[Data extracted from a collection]

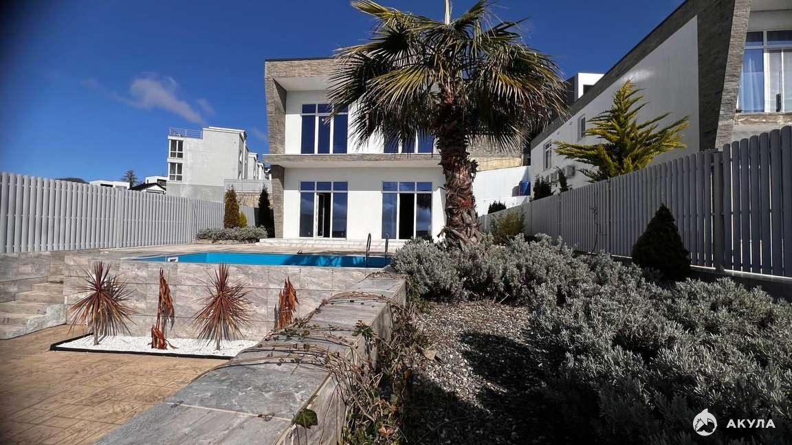 Продаётся современный двухэтажный дом в стиле Хай-Тек в новом коттеджном поселке, с собственным бассейном, панорамным видом на море и горы. Участок 6 соток. Локация — идеальный баланс тишины и городской инфраструктуры.
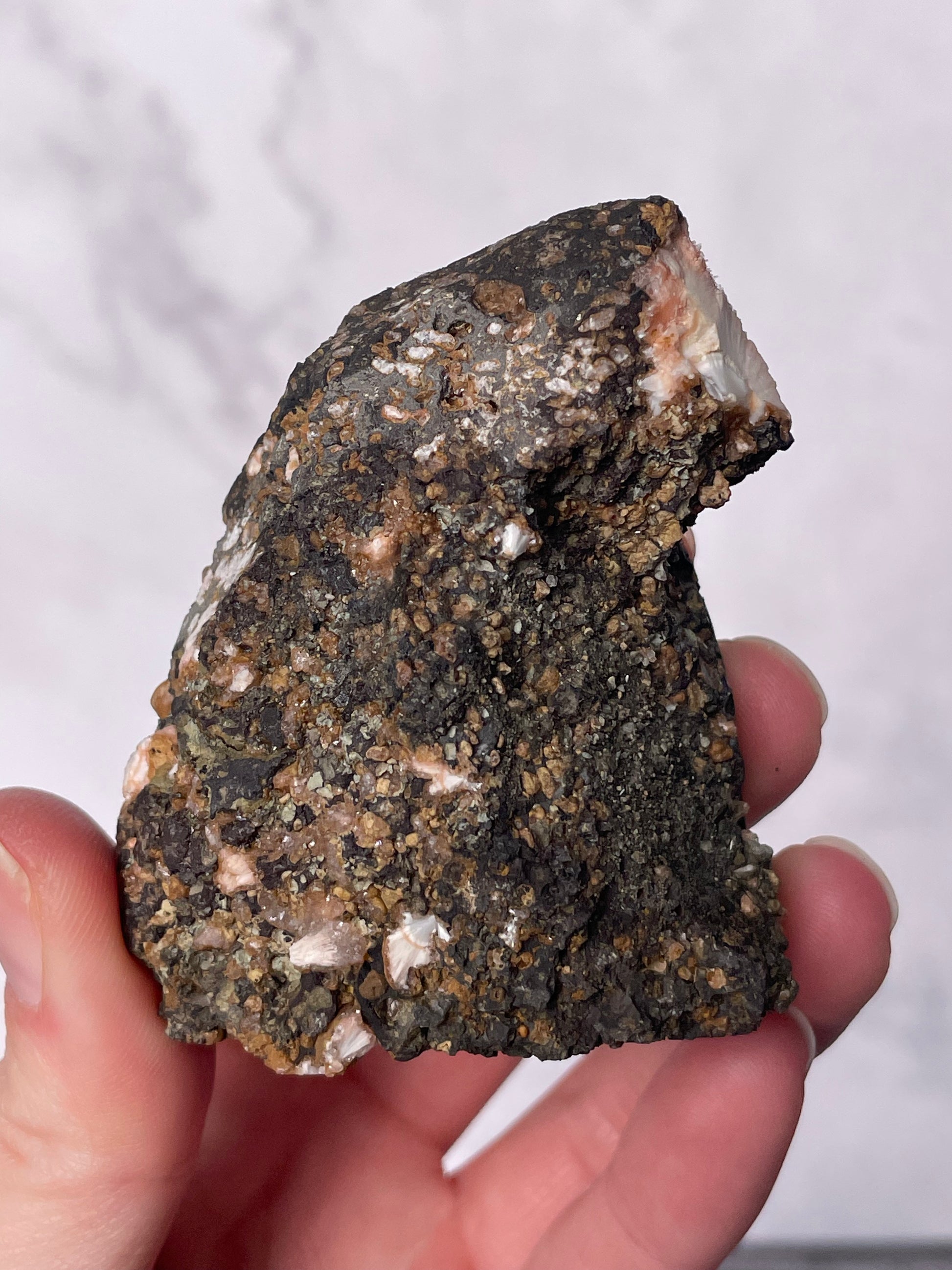 Handle with care as Thomsonite is a delicate zeolite mineral. Avoid water, salt, and harsh chemicals.
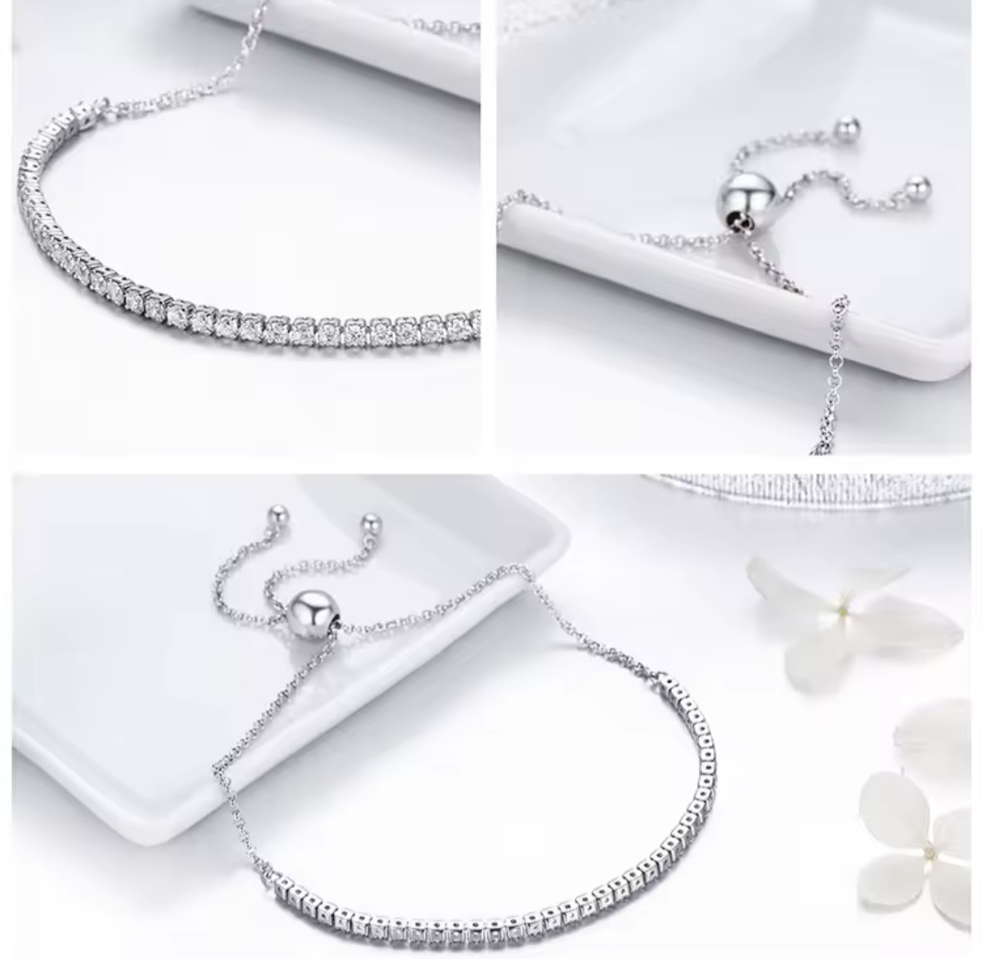 Тази гривна не просто блести – тя излъчва увереност. Цялата обсипана с искрящи мойсанити, които улавят всяко движение и го превръщат в блясък. Нежна, но впечатляваща. Фина, но категорична. Създадена за жени, които не се нуждаят от повод, за да сияят. Подходяща както за специални вечери, така и за дните, в които просто искаш да носиш нещо красиво – за себе си. Бъди уникална с „Диамантена хармония“!
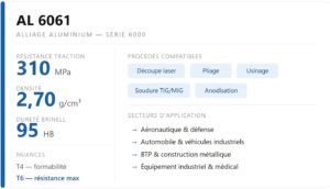 L’aluminium 6061 est l’un des alliages d’aluminium les plus répandus dans l’industrie. Sa composition à base de magnésium et silicium lui confère un excellent équilibre entre résistance mécanique, légèreté et usinabilité. Soudable, anodisable et compatible avec la découpe laser, il s’impose dans des secteurs aussi variés que l’aéronautique, l’automobile, le BTP et l’équipement industriel. C’est l’alliage de référence lorsqu’on cherche une alternative légère à l’acier sans sacrifier la tenue mécanique.
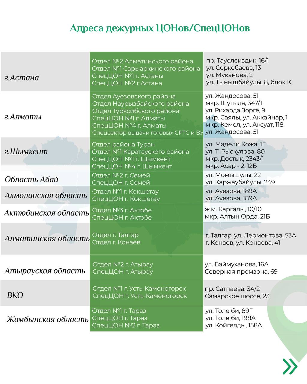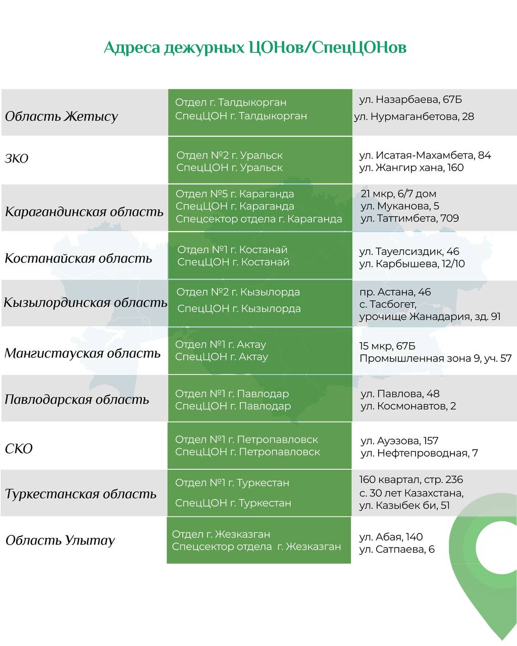 С 1 июля в Шымкенте, Усть-Каменогорске, Таразе, Уральске, Караганде, Туркестане, а также в Улытауской области обновили местоположение дежурных ЦОНов.
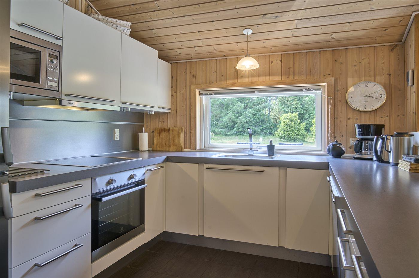 Køkkenet er udstyret med 1 køleskab. Der er 4 keramiske kogeplader, varmluftovn, mikrobølgeovn samt opvaskemaskine Der er gulvvarme i køkkenet.
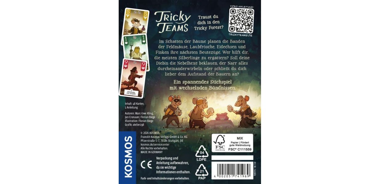 Traust du dich in den Tricky Forest? Im Schatten der Bäume planen die Banden der Feldmäuse, Laubfrösche, Eidechsen und Finken ihre nächsten Beutezüge. In jeder Stichrunde entstehen neue Allianzen, und jede Entscheidung kann den Spielverlauf verändern. Vier gewitzt illustrierte Tierteams mit Zahlenwerten von eins bis zehn und besonderen Fähigkeiten sorgen für überraschende Wendungen. Wer sich im richtigen Moment dem Gewinnerteam anschließt, sammelt Silberlinge. Schnelle Runden halten die Spannung hoch und machen das Spiel zu einem unterhaltsamen Erlebnis für Stichspielfans, Familien, Freundeskreise und alle, die eine Portion Teamgeist mit etwas Strategie verbinden möchten. Nach vier Beutezügen entscheidet sich, wer die meisten Silberlinge gehortet hat.
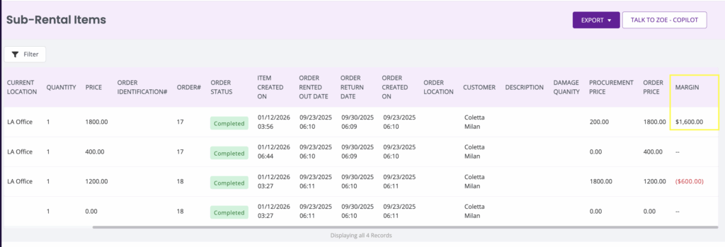 You can also check the amount of profit you are making from the sub-rental by accessing the “Sub-rental Items” Report from the Reports module. It will reflect the margin on the sub-rental as highlighted below.
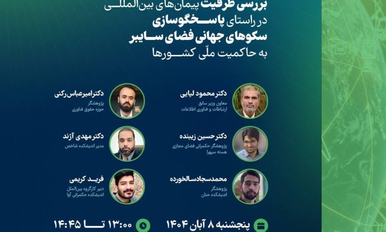 بدین وسیله به اطلاع میرساند پنل «بررسی ظرفیت پیمانهای بینالمللی در راستای پاسخگوسازی سکوهای جهانی فضای سایبر به حاکمیت ملی کشورها» در چهارمین کنفرانس دیپلماسی سایبری مورخ پنجشنبه ۸ آبان ۱۴۰۴ ساعت ۱۳:۰۰ الی ۱۴:۴۵ در کتابخانه مرکزی دانشگاه تهران برگزار خواهد شد.
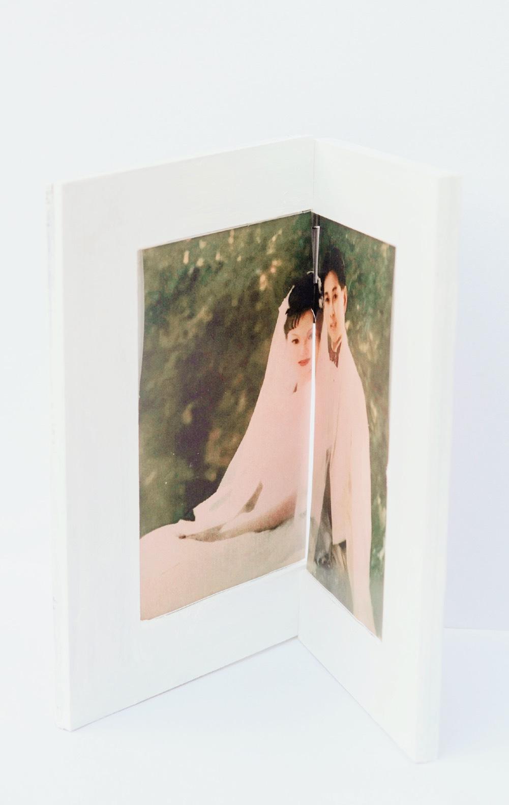 • I will split a photo frame and attach a hinge in the middle to make the frame collapsible.
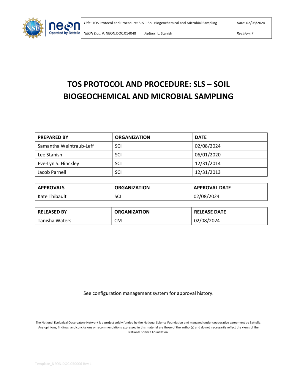 Uploaded by Data Staff, 2/14/24 4:26 PM TOS Protocol and Procedure: SLS – Soil Biogeochemical and Microbial Sampling
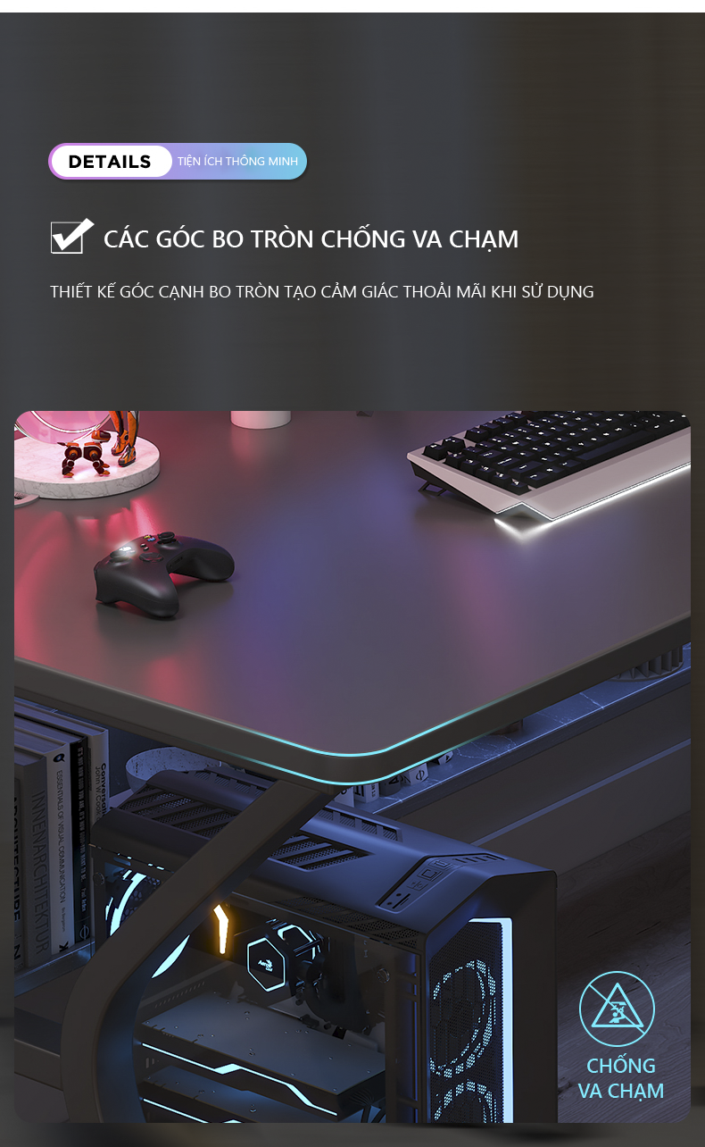 - Mặt bàn gaming cắt CNC uốn cong bo góc chống gù - như hình

### AIM OF THE TASK
Would you output the lines above from the line holding "Handle with care" up to and including the line holding "Тази гривна не", exactly and only those, with no pictures?

### WORKED SOLUTION
 Handle with care as Thomsonite is a delicate zeolite mineral. Avoid water, salt, and harsh chemicals.
 Тази гривна не просто блести – тя излъчва увереност. Цялата обсипана с искрящи мойсанити, които улавят всяко движение и го превръщат в блясък. Нежна, но впечатляваща. Фина, но категорична. Създадена за жени, които не се нуждаят от повод, за да сияят. Подходяща както за специални вечери, така и за дните, в които просто искаш да носиш нещо красиво – за себе си. Бъди уникална с „Диамантена хармония“!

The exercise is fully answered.